# How do i check if video card is working properly?



## milehile (Feb 17, 2006)

I have a evga G-Force 6600gt. I've been having problems with random blue screen restarts and some think that the video card is at fault. I want to know how I can check to see if this is the case.

As for the blue screen restarts; I kept the box unchecked so it wouldn't automatically restart on me so I can look at the blue screen and see what it says, but it still automatically restarts on me. Someone suggested looking at the "Event Log", but I don't know where to look for something like that.

Please help.


----------



## ebackhus (Apr 21, 2005)

Hmm...

With XP the usual cause of a BSOD is bad drivers. What version of the Forceware drivers are you using right now?


----------



## milehile (Feb 17, 2006)

Here's the info you want.


----------



## ebackhus (Apr 21, 2005)

Actually I need an image of the information as given by the driver.

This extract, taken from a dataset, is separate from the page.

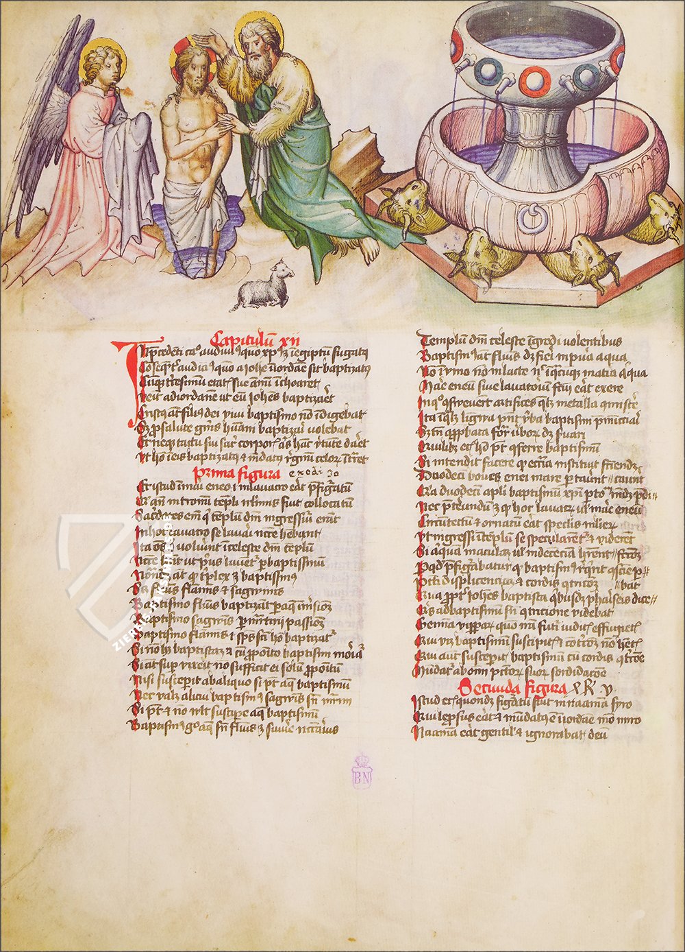 Auf der linken Seite ist eine typische Szene zu sehen, in der Johannes der Täufer Jesus im Jordan tauft, während ein Engel als Zeuge dient und mit trockenen Gewändern schon bereitsteht. Ein kleines Lamm dient als symbolische Erinnerung an das Opfer Christi. Rechts daneben befindet sich ein Brunnen mit den Köpfen von vier Ochsen - eine ungenaue Darstellung des so genannten Geschmolzenen Meeres aus dem Tempel Salomos.

Note: I don't like the new nVidia control panel so I reverted to the older version. Overall they look the same. As you can see in my screen capture I am using *Forceware 91.47* on my system.


----------



## milehile (Feb 17, 2006)

Oh. I'm sorry. Here you go.


----------



## ebackhus (Apr 21, 2005)

Looks fire there. Can you tell me a bit more about your PC, espcially the power supply? Things like brand, wattage, and amps. All of that is on the sticker on the PSU's side.


----------



## milehile (Feb 17, 2006)

I don't think it's the power supply (by the way, I have a 400w right now which works fine for just normal browsing and anything less power hungry than a game). I put in a 500w I got from newegg.com but returned cause the problem was still there. I did memtest86 for a good 4 hours and it didn't come up with any errors at all. I am currently waiting for my return and a paycheck in order to purchase a 550w Antec Trio. But, that won't be for another week, maybe. Your thoughts on why the 500w still didn't work out. The supply was an Apevia Concord.


----------